All projects that we set up at Kumi reinforce each other and the environment. The choice to lend our helping hand, especially in Uganda, is because we were touched by the history of the country and the total devastation that various regimes left behind. The country is under construction and we are happy to contribute to that.
Self-reliance is of great importance here and one of the main core values of our Foundation. Everything is connected, also at the Kumi Hospital Agro Park.
Where the livestock provides milk, the milk provides dairy. Where the fields are used for crops, the harvest provides food for humans and animals. The exchange services thus created provide employment, income and opportunities for the next generation. Collaboration contributes to the community at all times. By being present in the middle of that community, we identify what is needed and where progress can be made.
Thinking along, sympathize and participate.
You can find more information per project on this website. And for those who find it interesting, down below is a bit of background information about this beautiful country, full of culture and colorful people with a history.
2000 to 1500 years ago, the Bantu-speaking people of Central and West Africa came to the area that is now southern Uganda. These first inhabitants belonged to the Urewe culture. They developed agriculture and were able to work metal. Kingdoms were founded of which Buganda was the largest. Nilotic people settled in northern Uganda, livestock farmers who originally came from Sudan. Until the eighteenth century these two ethnic groups lived together in the country.
The first Europeans arrived in the mid-19th century. The country was called “the pearl of Africa”, because it had special nature and was rich in resources. Catholic missionaries from England wanted to convert the inhabitants to the Catholic faith, while European Protestant missionaries wanted to make Uganda Protestant. The already arrived Muslims tried to introduce Islam as the state religion. The different religious ideas led to war.
Great Britain ended this struggle by colonizing the country in 1894. After the Second World War it lost its colonial empire and Uganda gained independence in 1962. Since then, the political situation in the country has rarely been stable. The different tribes have their own armies that have been fighting against each other since independence.
In 1966 the first violent coup was staged by Milton Obote. He abolished the various kingdoms in the country and was the founder of the centralized unitary state. Obote’s democratic ambitions soon disappeared.
Known as the butcher of Africa, Idi Amin deposed Obote in 1971, after which the former president fled to Tanzania. Military leaders who did not support Amin’s coup were immediately executed. Foreigners had to leave Uganda and those who did not were killed. The former boxing champion’s regime was one of the bloodiest in the history of Africa. It is estimated that 300,000 to one million people have been killed.

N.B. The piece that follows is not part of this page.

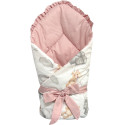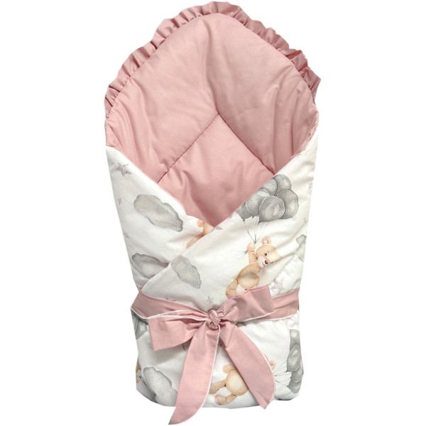 Obszyty jest w 100 % bawełnianą tkaniną. Posiada zaokrąglone brzegi i szeroki rzep, dzięki czemu łatwo nadać mu odpowiedni kształt podczas otulania maluszka. Dodatkowo posiada tasiemkę, za pomocą której możemy dokładnie otulić maluszka.

After eight years of terror, Amin dug his own grave. Due to a personal feud with Julius Nyerere, the president of Tanzania, he attacked this country in 1979. However, Nyerere’s troops forced him to surrender. After Amin’s reign of terror, a new period of unrest follows, again led by Milton Obote. The rebel movement “National Resistance Army”, led by Yoweri Kaguta Museveni, seized power in 1986. Museveni is the president of Uganda to date.
Uganda was ravaged by great violence between different armies. The NRA (National Resistance Army), LRA (Lord’s Resistance Army), HSM (Holy Spirit Movement) and UNLA (Uganda National Liberation Army) are the main parties involved. The LRA in particular has abducted an estimated 25,000 children in recent years. The boys were forced to be child soldiers, the girls became sex slaves.
In addition to ongoing conflicts, HIV and AIDS are also major problems for the country. In the 1990s, nearly 20 percent of the population was infected with HIV. Uganda is one of the countries with the lowest living standards in the world. Half of the population lives below the poverty line.